Problem to solve: Exact repetition, pictures omitted: give every record below again.

** Material supplied follows **

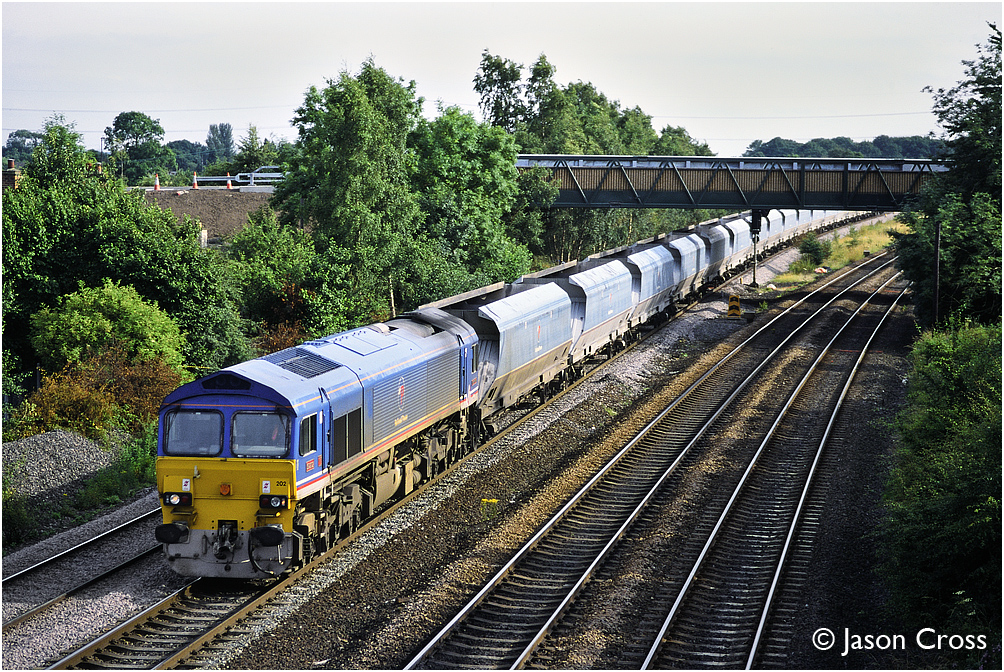 59202 approaches Milford Junction with a Drax to Gascoigne Wood train of empty coal hoppers. Date: 9 July 1998
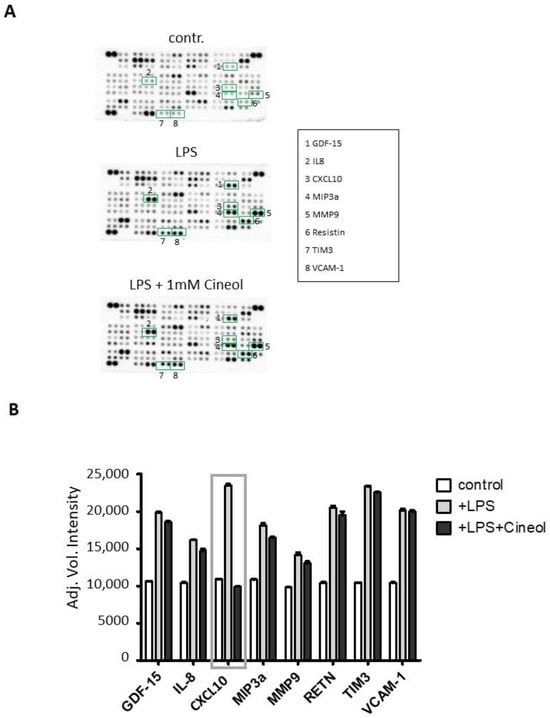 Semiquantitative analyses were performed by measuring the density of the dots and these revealed differential secretion patterns of certain cytokines in response to LPS treatment in the presence and absence of 1,8-Cineol compared to the control (Figure 5A). Overall, the data revealed increased secretion patterns of different cytokines (GDF-15, IL-8, MIP3a, MMP9, RETN, TIM3, VCAM-1) in response to LPS stimulation compared to the medium control with 1,8-Cineol having slightly reducing effects (Figure 5). In this context, cytokine CXCL10 is particularly striking, because its increased secretion in response to LPS was found to be strongly attenuated by 1,8-Cineol (Figure 5B).
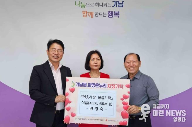 이런뉴스(e-runnews) 김삼성 기자 | 지난 9월 30일 장경숙(가남읍 주민)씨가 가남읍 내 어려운 이웃들을 위해 소고기와 음료수 등 식품을 가남읍 행정복지센터에 기탁했다.
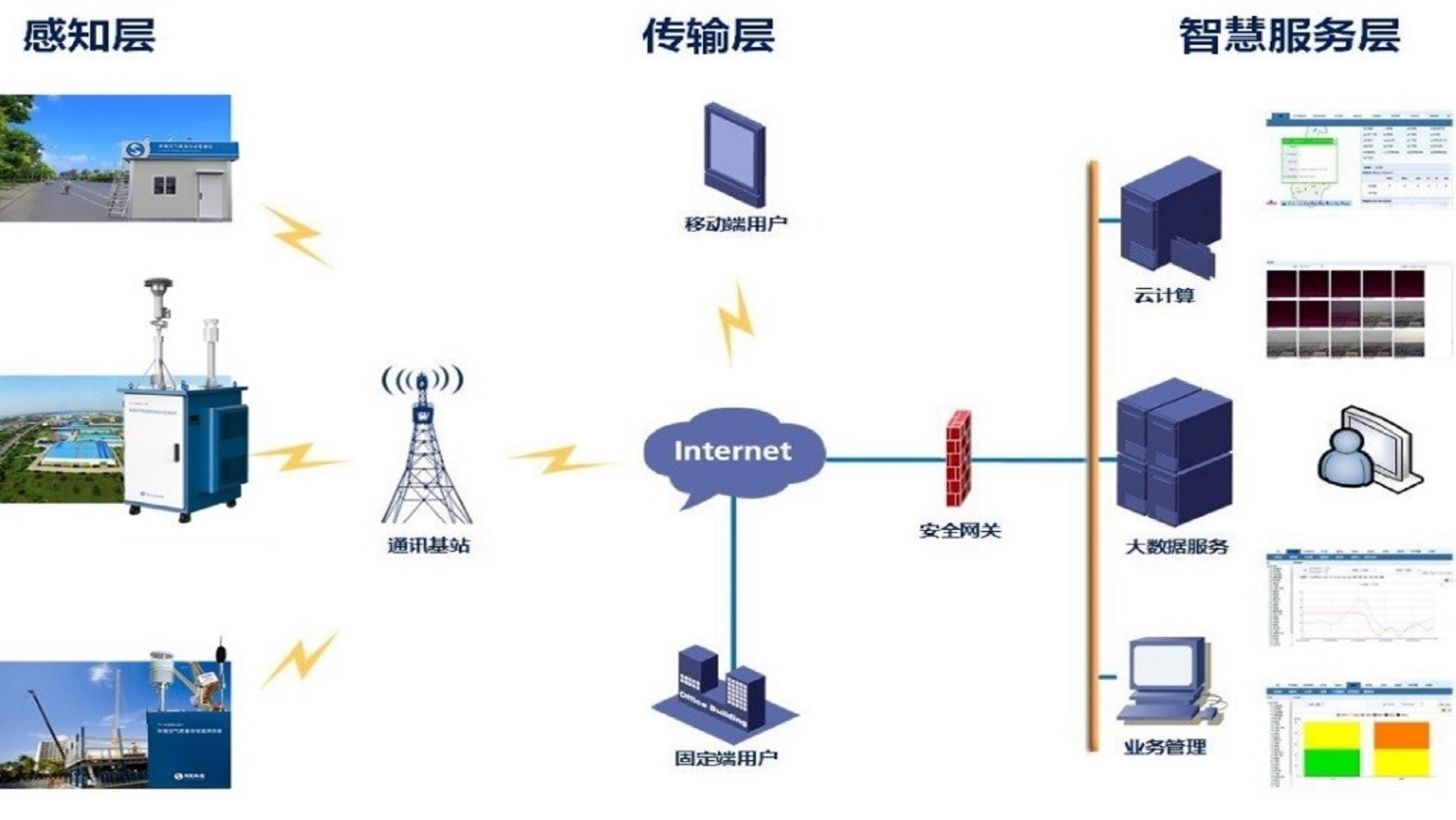 以自動化監(jiān)測儀器為數(shù)據(jù)監(jiān)測、存儲、上傳的載體,通過在環(huán)保主管部門建設數(shù)據(jù)中心、部署軟件應用系統(tǒng),利用已建或新建網(wǎng)絡,各職責部門可通過手機、電腦終端等方式應用監(jiān)測數(shù)據(jù),從而實現(xiàn)對環(huán)境空氣質量的采集、分析、應用和決策。
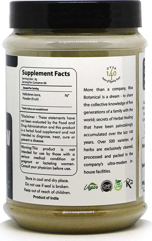 bixa BOTANICAL Indian Screw Tree Powder(Helicteres Isora) | Useful In Intestinal Pain and Spasm - 7 Oz (200G)
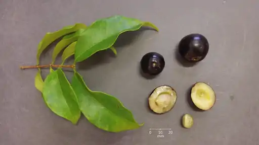 Las frutas maduran entre febrero y marzo. La fruta madura es una baya redonda o ligeramente alargada, hasta el 20 mm de ancho y 25 mm de largo. Tiene una piel púrpura-negra delgada y una húmeda, firme, pulpa blanquecina alrededor de 3 a 5 mm de espesor, en torno a una sola (rara vez dos) semillas sueltas. Es comestible, moderadamente dulce, con un aroma similar a (pero menos intensa que) la de la jabuticaba.[5]
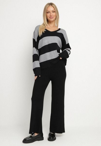 Szary Dzianinowy Komplet Szerokie Spodnie i Sweter w Paski Falesea
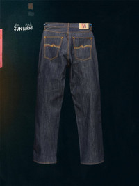 Details - Regenerative Organic cotton - 14.2 oz. rigid denim - Orange thread at seams - Sunburns gradient back pocket embroidery - Copper trims - Jacron patch - Loose fit - High waist - Wide leg - Wide leg opening The Tuff Tony Dry Sunburns stands out with its gradient back pocket embroidery, shifting from deep orange to pale yellow, with our own Nudie Jeans Orange at the center. Paired with a special graphic Jacron patch, it subtly plays with our identity and iconography. Beneath it all lies a proprietary 14.2 oz denim, developed exclusively for Nudie Jeans. Woven with Regenerative Organic Cotton, it revives the raw, textured character of a pair of ‘90s jeans we once stumbled upon. Though undeniably "modern," these jeans are rooted in a transitional era—a time when vintage ring-spun textures resurfaced, and select denim mills strayed from pure efficiency in pursuit of true vintage aesthetics. A defining moment—just before Nudie Jeans was born. The medium-deep pure indigo warp lays the foundation for a break-in journey with options—left raw, it builds stark contrasts; washed early, it fades with a slow, balanced grace. Stiff and substantial, it forms deep creases and sharp wear marks, evolving over time as the warp streakiness fully emerges. The result? A layered interplay of slub, clean twill lines, and subtle marbling—a denim built to become tomorrow’s vintage.
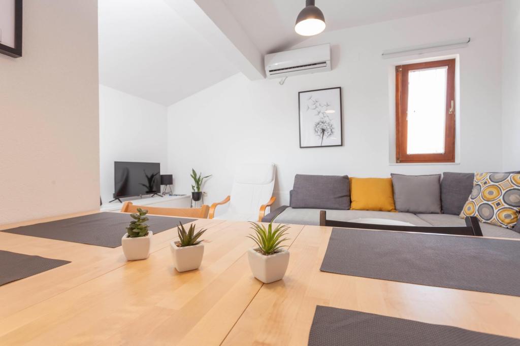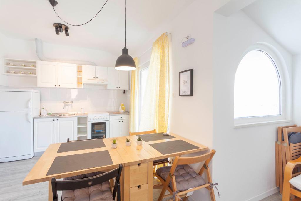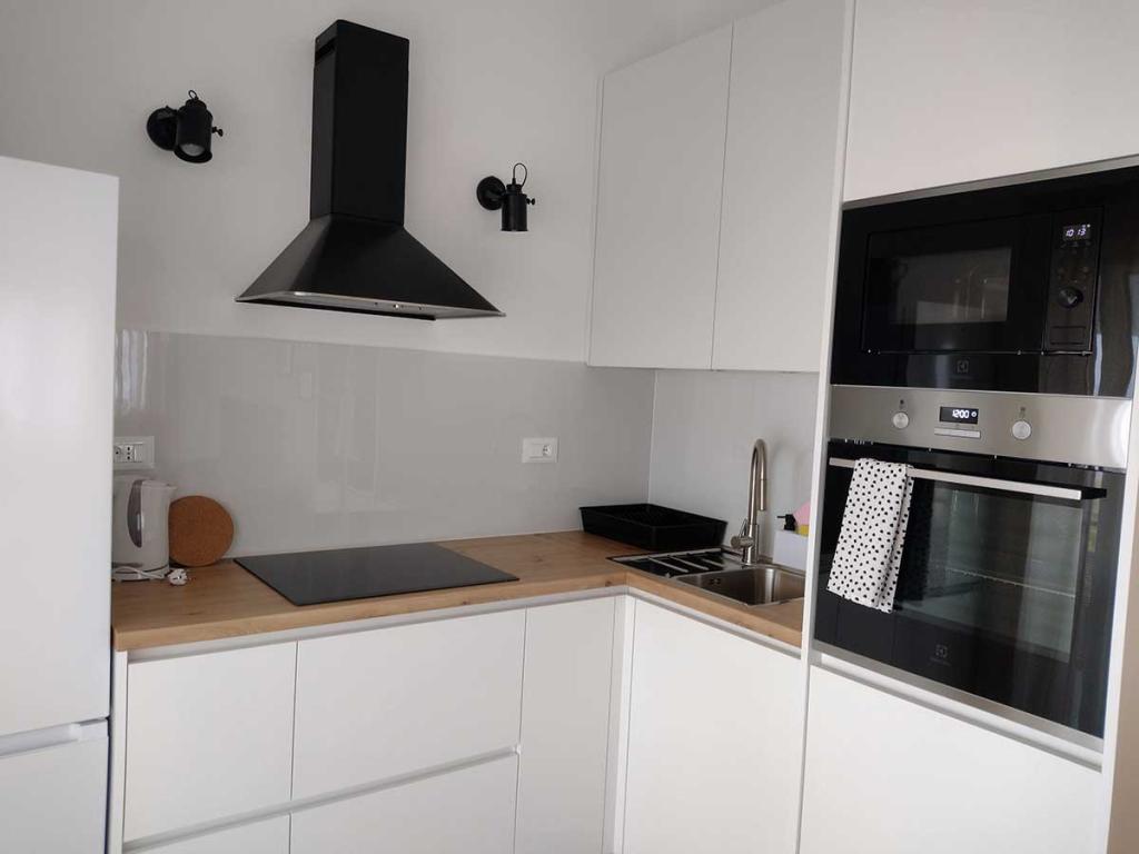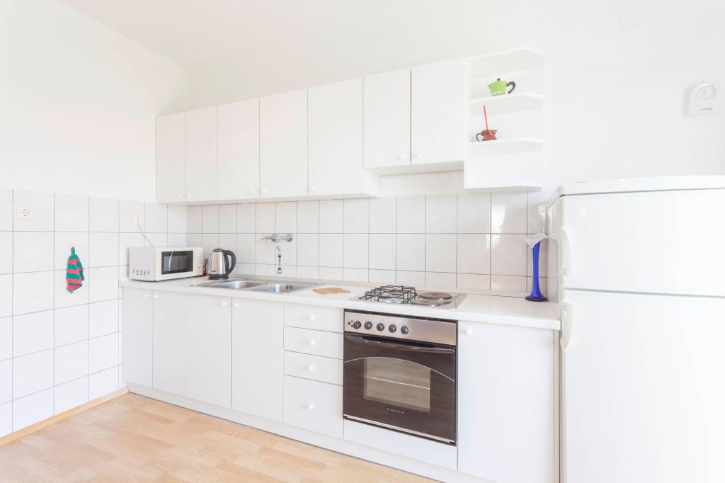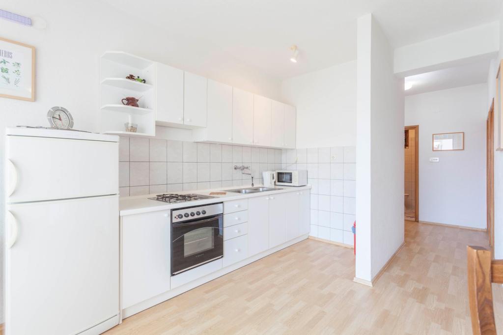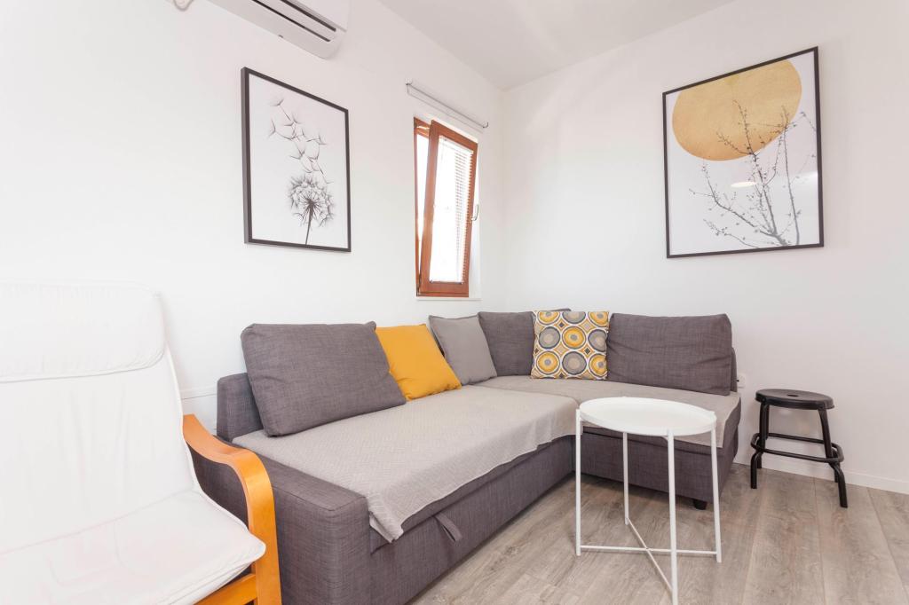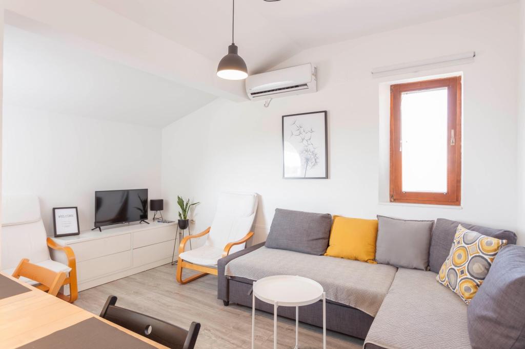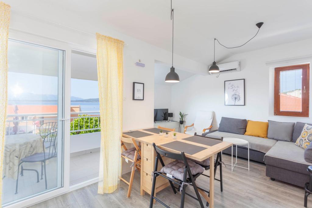 Comfortable apartments with two bedrooms, spacious kitchen and living room with sea view near the beach. Parking included in the price.

** End of Material supplied **

Task result:
 59202 approaches Milford Junction with a Drax to Gascoigne Wood train of empty coal hoppers. Date: 9 July 1998
 Semiquantitative analyses were performed by measuring the density of the dots and these revealed differential secretion patterns of certain cytokines in response to LPS treatment in the presence and absence of 1,8-Cineol compared to the control (Figure 5A). Overall, the data revealed increased secretion patterns of different cytokines (GDF-15, IL-8, MIP3a, MMP9, RETN, TIM3, VCAM-1) in response to LPS stimulation compared to the medium control with 1,8-Cineol having slightly reducing effects (Figure 5). In this context, cytokine CXCL10 is particularly striking, because its increased secretion in response to LPS was found to be strongly attenuated by 1,8-Cineol (Figure 5B).
 이런뉴스(e-runnews) 김삼성 기자 | 지난 9월 30일 장경숙(가남읍 주민)씨가 가남읍 내 어려운 이웃들을 위해 소고기와 음료수 등 식품을 가남읍 행정복지센터에 기탁했다.
 以自動化監(jiān)測儀器為數(shù)據(jù)監(jiān)測、存儲、上傳的載體,通過在環(huán)保主管部門建設數(shù)據(jù)中心、部署軟件應用系統(tǒng),利用已建或新建網(wǎng)絡,各職責部門可通過手機、電腦終端等方式應用監(jiān)測數(shù)據(jù),從而實現(xiàn)對環(huán)境空氣質量的采集、分析、應用和決策。
 bixa BOTANICAL Indian Screw Tree Powder(Helicteres Isora) | Useful In Intestinal Pain and Spasm - 7 Oz (200G)
 Las frutas maduran entre febrero y marzo. La fruta madura es una baya redonda o ligeramente alargada, hasta el 20 mm de ancho y 25 mm de largo. Tiene una piel púrpura-negra delgada y una húmeda, firme, pulpa blanquecina alrededor de 3 a 5 mm de espesor, en torno a una sola (rara vez dos) semillas sueltas. Es comestible, moderadamente dulce, con un aroma similar a (pero menos intensa que) la de la jabuticaba.[5]
 Szary Dzianinowy Komplet Szerokie Spodnie i Sweter w Paski Falesea
 Details - Regenerative Organic cotton - 14.2 oz. rigid denim - Orange thread at seams - Sunburns gradient back pocket embroidery - Copper trims - Jacron patch - Loose fit - High waist - Wide leg - Wide leg opening The Tuff Tony Dry Sunburns stands out with its gradient back pocket embroidery, shifting from deep orange to pale yellow, with our own Nudie Jeans Orange at the center. Paired with a special graphic Jacron patch, it subtly plays with our identity and iconography. Beneath it all lies a proprietary 14.2 oz denim, developed exclusively for Nudie Jeans. Woven with Regenerative Organic Cotton, it revives the raw, textured character of a pair of ‘90s jeans we once stumbled upon. Though undeniably "modern," these jeans are rooted in a transitional era—a time when vintage ring-spun textures resurfaced, and select denim mills strayed from pure efficiency in pursuit of true vintage aesthetics. A defining moment—just before Nudie Jeans was born. The medium-deep pure indigo warp lays the foundation for a break-in journey with options—left raw, it builds stark contrasts; washed early, it fades with a slow, balanced grace. Stiff and substantial, it forms deep creases and sharp wear marks, evolving over time as the warp streakiness fully emerges. The result? A layered interplay of slub, clean twill lines, and subtle marbling—a denim built to become tomorrow’s vintage.
 Comfortable apartments with two bedrooms, spacious kitchen and living room with sea view near the beach. Parking included in the price.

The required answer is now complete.